Tuesday, October 19, 2010

There's a new frog in town

We have two new frogs courtesy of J's Mum's weariness with cricket procurement and enclosure-cleaning. I have to admit that relative to a dog or even a guinea-pig, frogs do not give a great deal back in terms of companionship. J is one of Cheekus' Four First Row Best Friends. He has seven Third Row Best Friends, one of whom is the only girl in any Row, and strangely only two Second Row Best Friends.

I now have two young Spotted March Frogs. They have less appealing faces than my eight remaining Southern Browns but have beautfully patterned - spotted - skins. The little one is rather green and the bigger one is brownish grey. They are slightly less shy than the brownies and like to sit in the water. The marshies have little claws and no webbing on their feet; they can't climb very well but they swim with great verve.

The brownies like to hide in curled-up leaves and look faintly horrified at being made to swim. They like to clamber up the sides of their container using their suction-toed little treefrog feet. I think there is no doubt the brownies are obese. Their bellies bulge out all over, they ignore crickets sauntering brazenly past them and a representative sample (one) failed the hop test. This is when you let a frog climb to the top of the box, hop off, and then gently encourage it to keep hopping in the grass by moving a hand close up behind it. (No contact required.) My sample brownie managed three short, floppy, rather pathetic hops before deciding that being eaten by a hand probably wasn't so bad after all and staying put. If anyone knows of some helpful frog-conditioing exercises let me know.

Tuesday, October 12, 2010

First ladybird of the season



She landed on Running Boy's collar and after being transferred to my finger, waddled up to the tip and flew majestically off; but her children were gone.

Monday, October 11, 2010

Attack of the Nerfs

Cheekus Weekus got $20 for his birthday from fabulous Auntie S.

Footy cards? "Sold out" said two newsagents, "end of the season".

Lollies? "No." said I, "not birthday money and not twenty dollars' worth". This sparked some very impressive sulking and sooking, if Princess had been quicker with the camera vid we would be looking at an AFI Award, category Short Fiction.

Quick thinking found the local toy shop still open.

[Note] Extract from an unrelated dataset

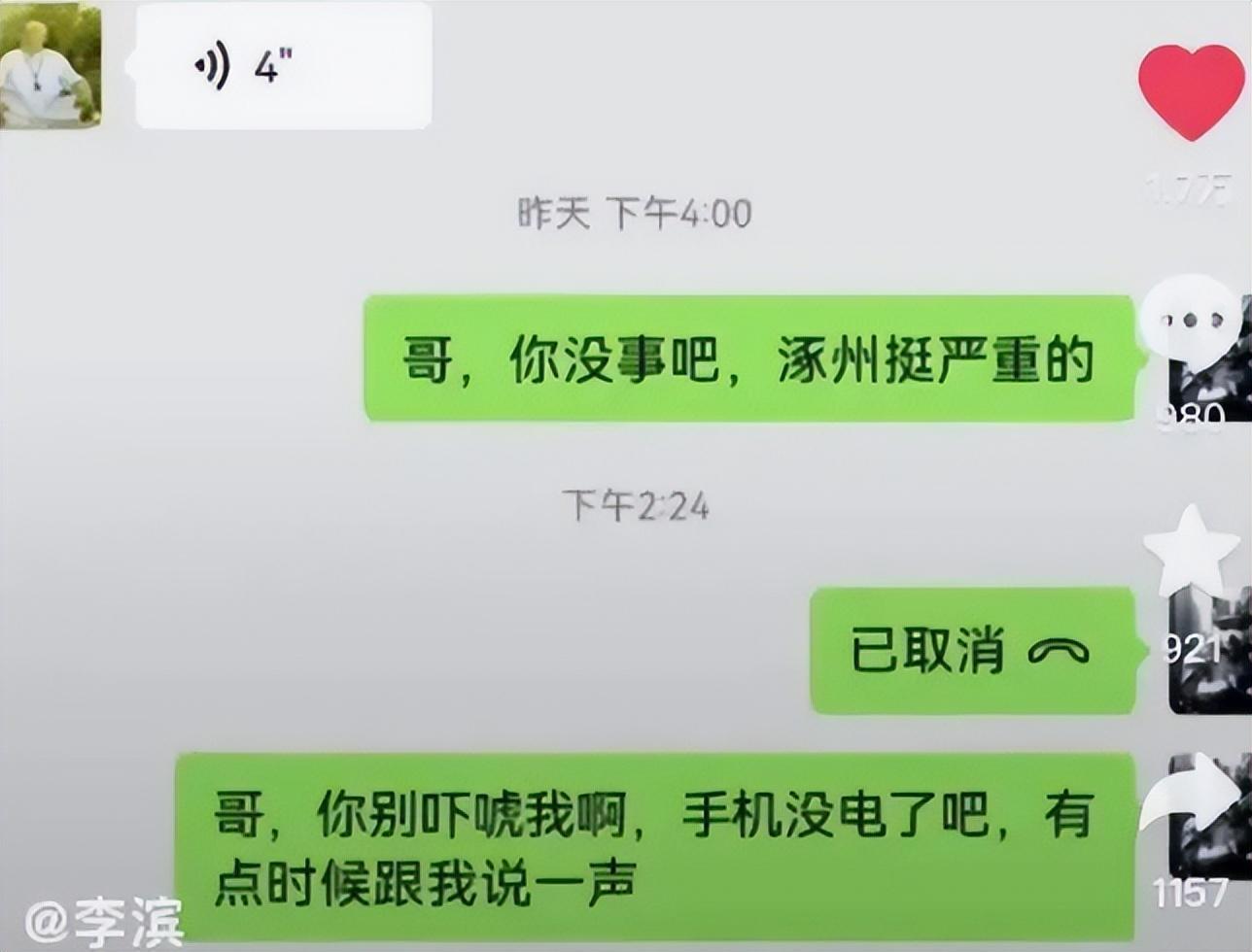 曾经在《魔幻手机》里饰演“陆小千”一角的李滨,和谢宁也是多年好友,对于涿州灾情一直都在关注,当得知大雨已经成灾,李滨也第一时间想和谢宁联系,想得到他是否安全的消息。

While Princess Pea was trying to persuade him to buy Lego knights (armoured horse, two guards and a prisoner in a cart - "because we only have one gaol and we all always want it") he found The Best Toy Ever: a Nerf gun for $19.95. Following "TV is for weekends", "only home-made sweets" and "all kids in bed by 8:30", the "no toys of war" rule has fallen in a sad little heap. It's been confiscated once already after Running Boy could not resist firing a sticky-dart at my bum and later got Cheekus in the face. I'm told this was an accident, Cheekus popped up from a redoubt unexpectedly. The bumshot, however, was not.